Otras proteínas que se unen a la actina regulan la longitud de los microfilamentos cortándolos, lo que da lugar a nuevos extremos activos para la polimerización. Por ejemplo, si un microfilamento con dos extremos se corta dos veces, habrá tres nuevos microfilamentos con seis extremos. Esta nueva situación favorece la dinámica de montaje y desmontaje. Las más notables de estas proteínas son la gelsolina y la cofilina . Estas proteínas primero logran un corte al unirse a un monómero de actina ubicado en el polímero, luego cambian la conformación del monómero de actina mientras permanecen unidas al extremo recién generado (+). Esto tiene el efecto de impedir la adición o el intercambio de nuevas subunidades de G-actina. Se fomenta la despolimerización ya que los extremos (-) no están vinculados a ninguna otra molécula. ^{[sesenta y cinco]}

Otras proteínas que se unen a la actina cubren los extremos de la F-actina para estabilizarlos, pero son incapaces de romperlos. Ejemplos de este tipo de proteína son CapZ (que une los extremos (+) dependiendo de los niveles de Ca ²⁺ / calmodulina de una célula . Estos niveles dependen de las señales internas y externas de la célula y están involucrados en la regulación de sus funciones biológicas). ^[66] Otro ejemplo es la tropomodulina (que se une al extremo (-)). La tropomodulina actúa básicamente para estabilizar la F-actina presente en las miofibrillas presentes en los sarcomeros musculares , que son estructuras caracterizadas por su gran estabilidad. ^[67]

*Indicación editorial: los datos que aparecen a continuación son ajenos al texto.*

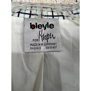 Details: 3-button closure; 2 front pockets; white buttons; 100% double knit polyester; made in Germany
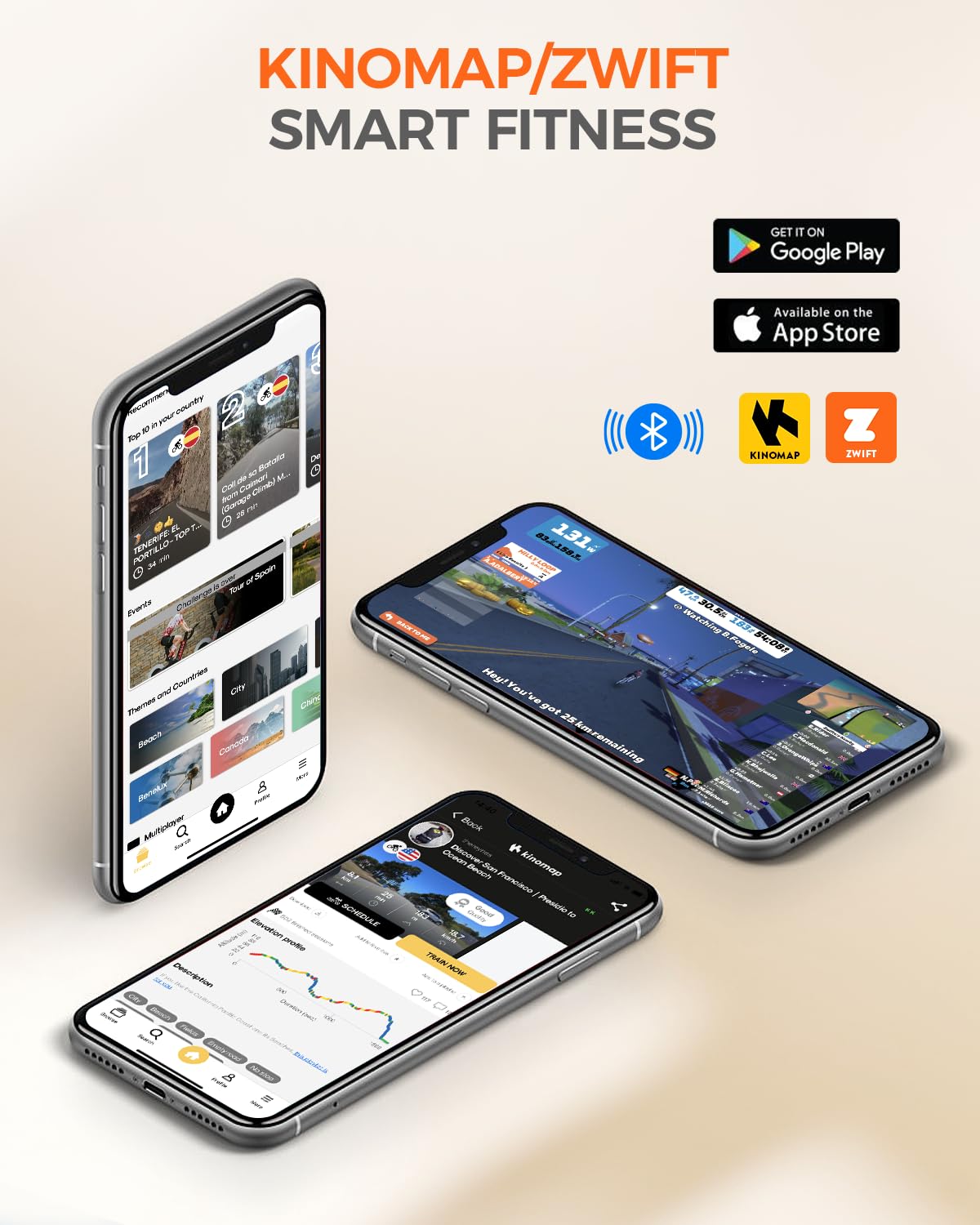 - Connection to Fitness APP: Built-In Sensor, compatible with KINOMAP, Zt APP. With KINOMAP/Zt Smart Fitness APP, you can record and view training data and share fitness data on social media. Make your exercise more fun
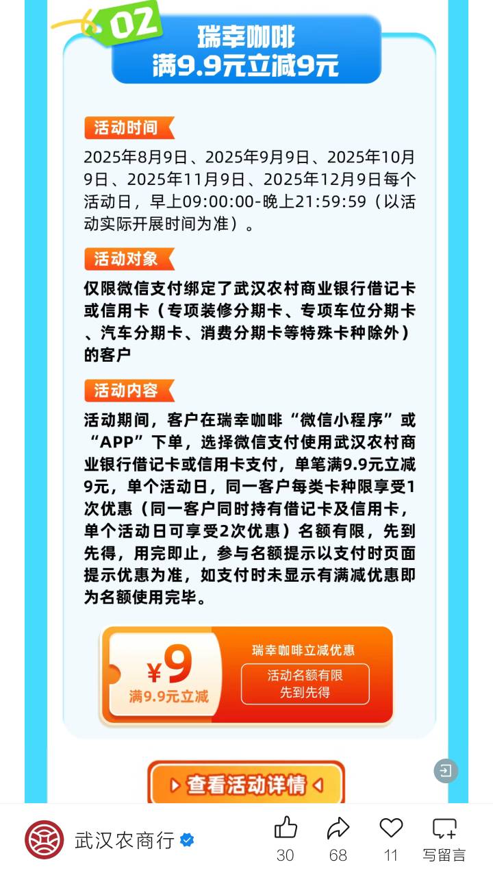 武汉农商今天0.9喝瑞幸
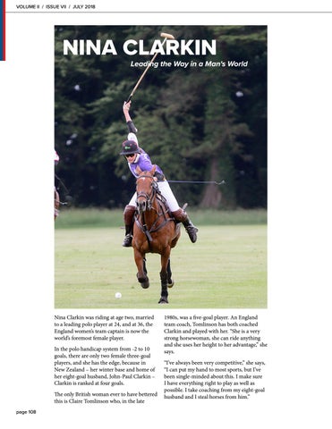 Nina Clarkin was riding at age two, married to a leading polo player at 24, and at 36, the England womenâs team captain is now the worldâs foremost female player. In the polo handicap system from -2 to 10 goals, there are only two female three-goal players, and she has the edge, because in New Zealand â her winter base and home of her eight-goal husband, John-Paul Clarkin â Clarkin is ranked at four goals. The only British woman ever to have bettered this is Claire Tomlinson who, in the late page 108
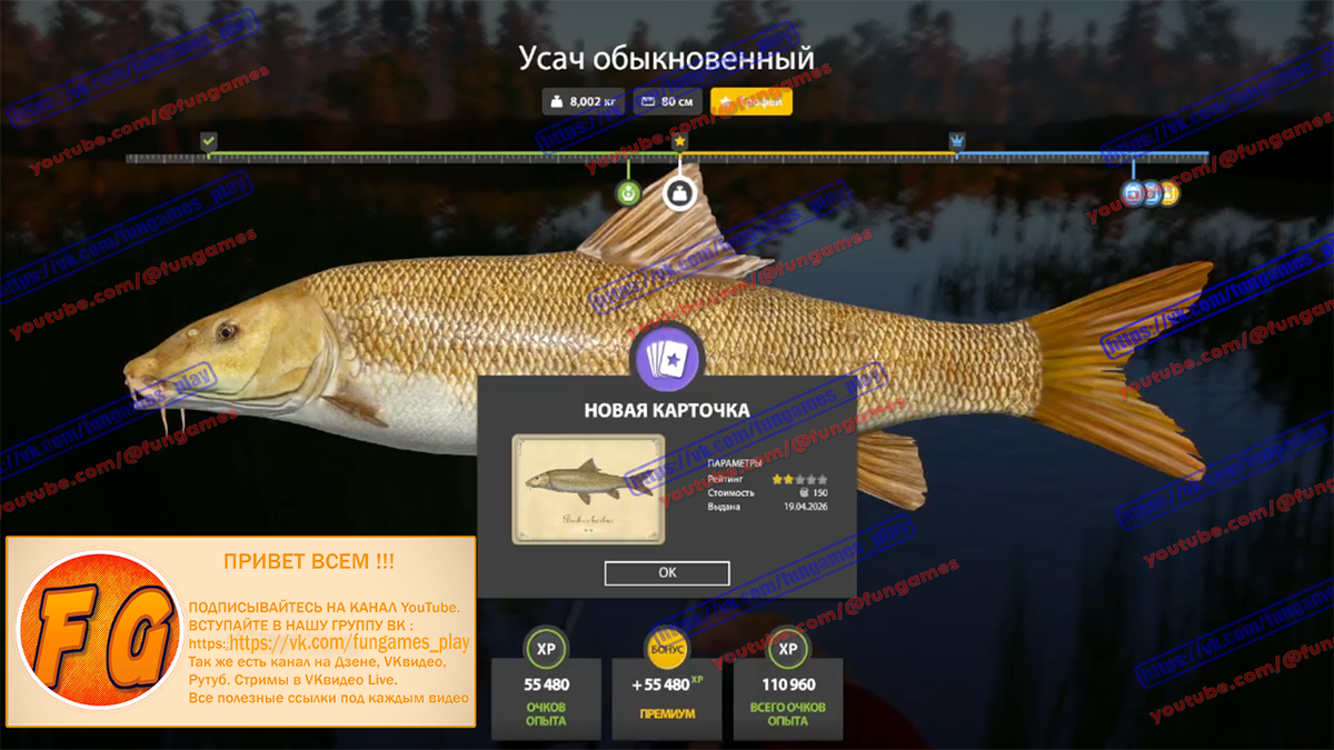 Рыбачил 2 часа 20 мин. Поймал более 50-ти усачей. Идет и Усач альбинос. Помимо трофа и фарм получился отменным) Всем хорошей рыбалки!!!
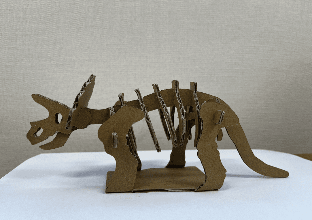 作ってみよう: 段ボールのミニ恐竜がかたち作られる工程を見学しながら、実際に機械ボタンを押したり、制作体験ができるコーナーもございます。(※有料)
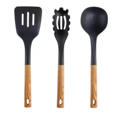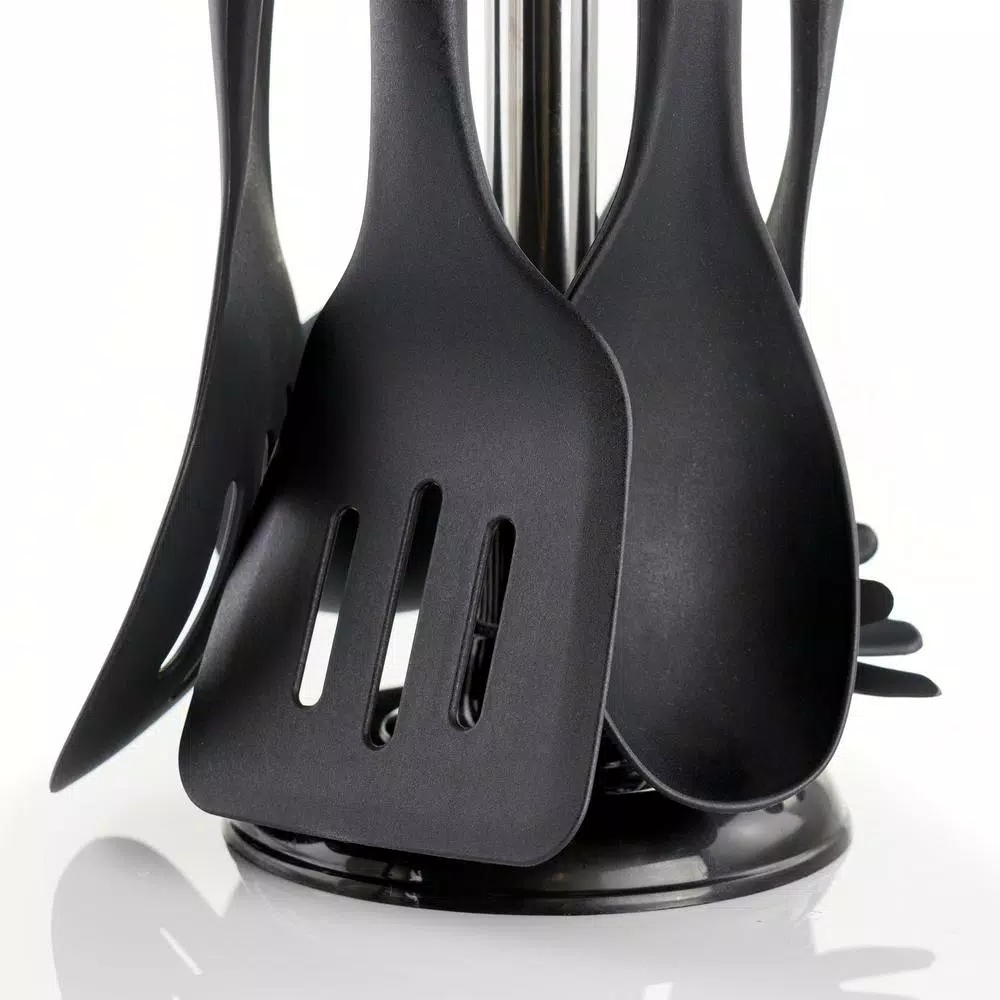 - Includes: slotted spatula, cake/omelet turner, soup ladle, spoon, slotted spoon, pasta spoon, rotating stand
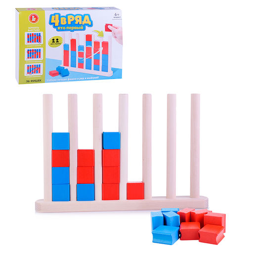 Азартная логическая игра для детей и их родителей. Собери первым четыре фишки в ряд и выиграй! Состав набора: · игровое основание – 1 шт. · фишки деревянные красного и синего цвета – 36 шт. Игра предназначена для детей от 6 лет и рассчитана на двух игроков. Как играть? Цель игры – первым выложить 4 фишки своего цвета в один ряд (по горизонтали, по вертикали или по диагонали). Каждый игрок получает все фишки одного цвета. Игроки друг за другом вставляют вдоль направляющих столбиков по одной фишке. Старайтесь размещать свои фишки рядом друг с другом и одновременно прерывать ряды фишек противника на самых ранних этапах. Игроки продолжают делать ходы, пока одному из них не удастся закончить ряд. Победит тот, кто первым выложит непрерывный ряд из четырёх фишек по горизонтали, вертикали или диагонали. Настольная игра «4 в ряд. Кто первый» развивает счётные навыки, логику, сообразительность, внимательность, пространственное мышление и мелкую моторику. Размер основы: 26 х 3 х 17 см. Размер фишки: 2,5 х 2,5 х 1,5 см. Материал: дерево. Для детей от 6 лет. Соответствует требованиям безопасности продукции. • Бренд: Десятое королевство • Размер упаковки: 20x28x4.5 см
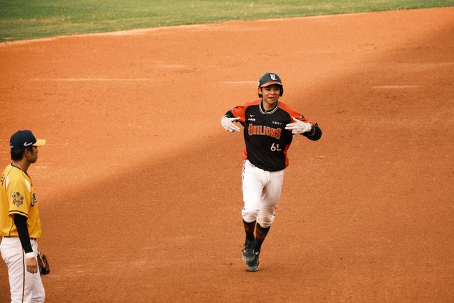 周董八局下靠著喵喵益全失誤 成功送回三壘的志豪回來得分 追平比數
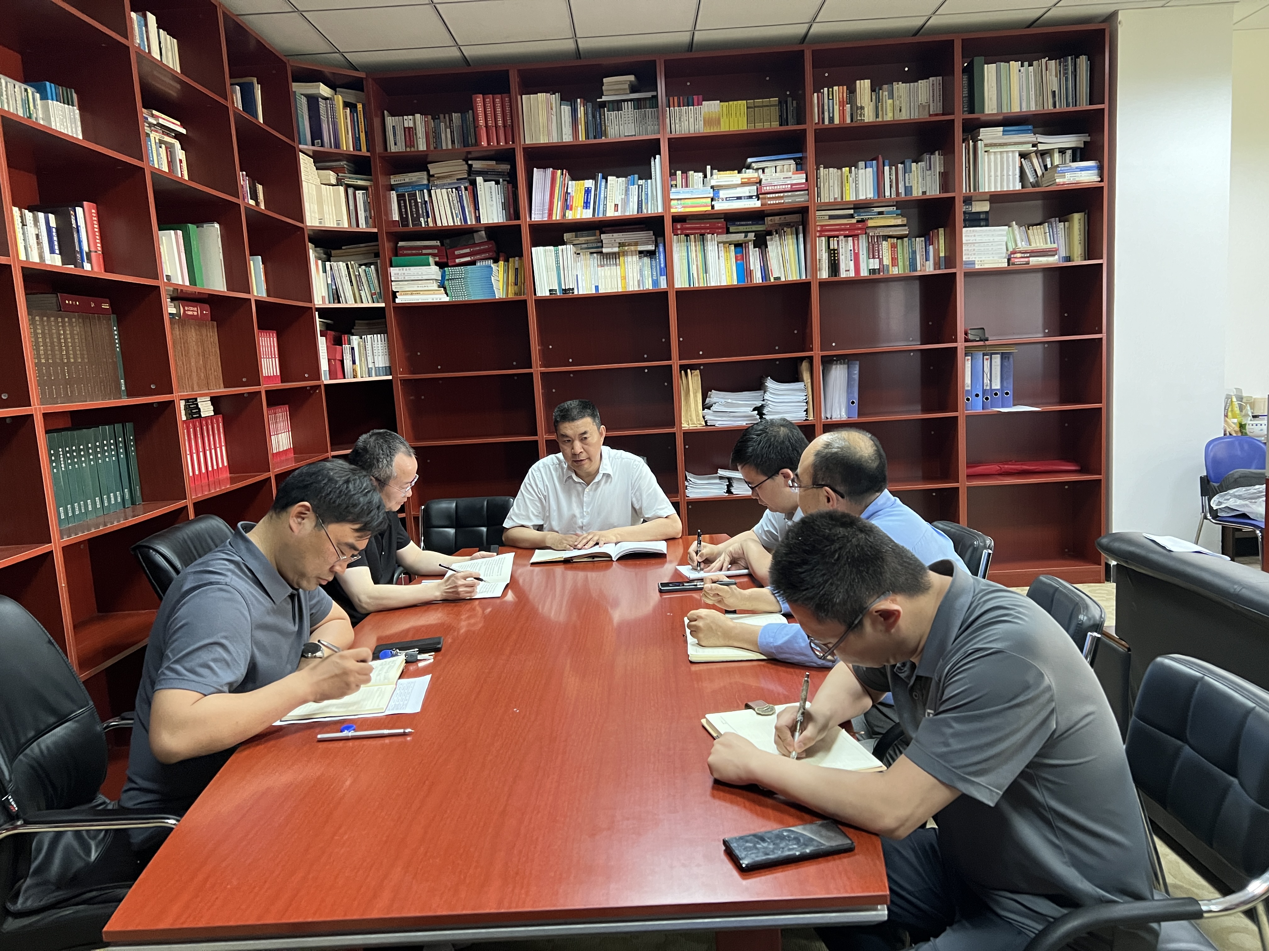 5月14日下午,88足球直播 党委召开理论学习中心组会议,对学院开展党纪学习教育进行再动员再部署,院理论中心组成员参加会议。学院党委书记李政敏主持会议。
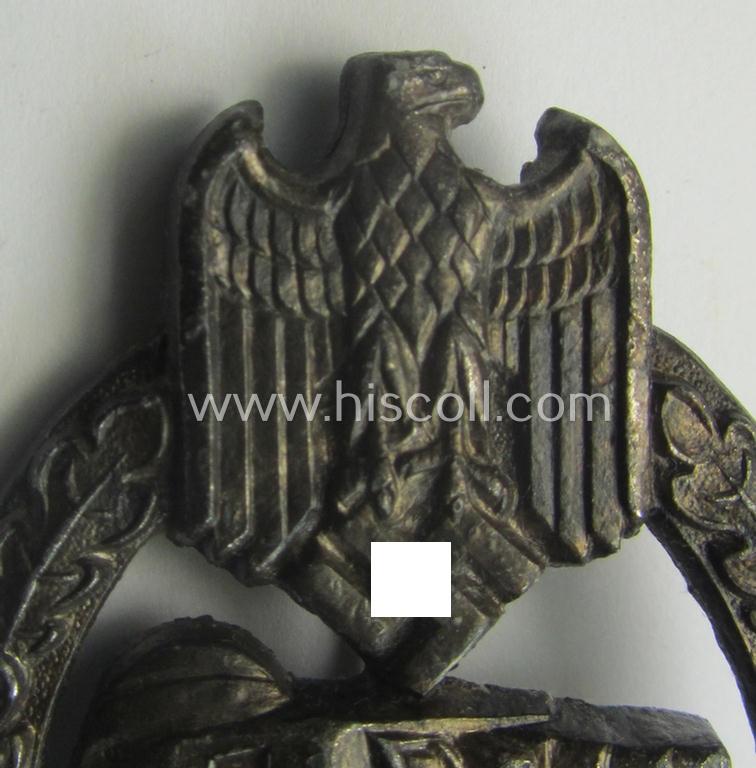 This is an attractive - albeit clearly ie. moderately used- ie. worn! - example of a: 'Panzerkampfabzeichen in Silber' (or: silver-class panzer-assault badge or PAB) being a non-maker-marked- and/or typical zinc- (ie. 'Feinzink'-) based example that comes in an overall nice- (albeit moderately used- ie. worn-), condition. The attractive badge on offer here concerns a somewhat early-war-period (and hollow-back!) typical zinc- ie. 'Feinzink'-based specimen that retains a fair bit of its (somewhat tarnished) silver-toned finish (as can be seen on the pictures). The badge has - I deem - never been cleaned nor polished (and is still also a tiny bit dirty ie. stained- ie. tarnished as mentioned above). As stated above, is the piece a non-maker-marked example that shows various characteristics - such as for example the typical-shaped, square-sized 'pin-mounting' and/or catch-set-up - typically seen with PABs as produced by the: 'Wilhelm Deumer-company based in the town of Lüdenscheid: it deals (I deem) with a so-called: 'hollow zinc “early”-pattern' (as is uniquely numbered with the reference-number: '2.1.2.' according to the excellent reference-work entitled: 'The Panzer-Assault badge of WWII' by my Belgian friend Philippe de Bock). The neat piece - which is very pronounced and has maintained great detail - naturally shows all the details as to be expected for a badge by this particular maker. It was found as such at a German private-household and was never before in a collection. Simply an attractive and honest, silver-class PAB that comes in an overall nice albeit moderately used- ie. worn, condition!

Estructura atómica de arp2 / 3. ^[68]Cada color corresponde a una subunidad: Arp3, naranja; Arp2, azul marino (no se muestran las subunidades 1 y 2); p40, verde; p34, azul claro; p20, azul oscuro; p21, magenta; p16, amarillo.

El complejo Arp2 / 3 se encuentra ampliamente en todos los organismos eucarióticos . ^[69] Está compuesto por siete subunidades, algunas de las cuales poseen una topología que está claramente relacionada con su función biológica: dos de las subunidades, ARP2 y ARP3, tienen una estructura similar a la de los monómeros de actina. Esta homología permite que ambas unidades actúen como agentes de nucleación en la polimerización de la actina G y la actina F. Este complejo también se requiere en procesos más complicados, como el establecimiento de estructuras dendríticas y también en la anastomosis (la reconexión de dos estructuras de ramificación que se habían unido previamente, como en los vasos sanguíneos). ^[70]

Los inhibidores químicos [ editar ]

Estructura química de la faloidina .

Existen varias toxinas que interfieren con la dinámica de la actina, ya sea impidiendo que se polimerice ( latrunculina y citocalasina D ) o estabilizándola ( faloidina ):

• La latrunculina es una toxina producida por las esponjas , se une a la actina G y evita que se una con los microfilamentos. ^[71]
• La citocalasina D, es un alcaloide producido por hongos , que se une al extremo (+) de la actina F y evita la adición de nuevos monómeros. ^[72] Se ha descubierto que la citocalasina D altera la dinámica de la actina, activando la proteína p53 en animales. ^[73]
• La faloidina, es una toxina que se ha aislado del hongo de la tapa de la muerte Amanita phalloides . Se une a la interfaz entre los monómeros de actina adyacentes en el polímero de actina F, evitando su despolimerización.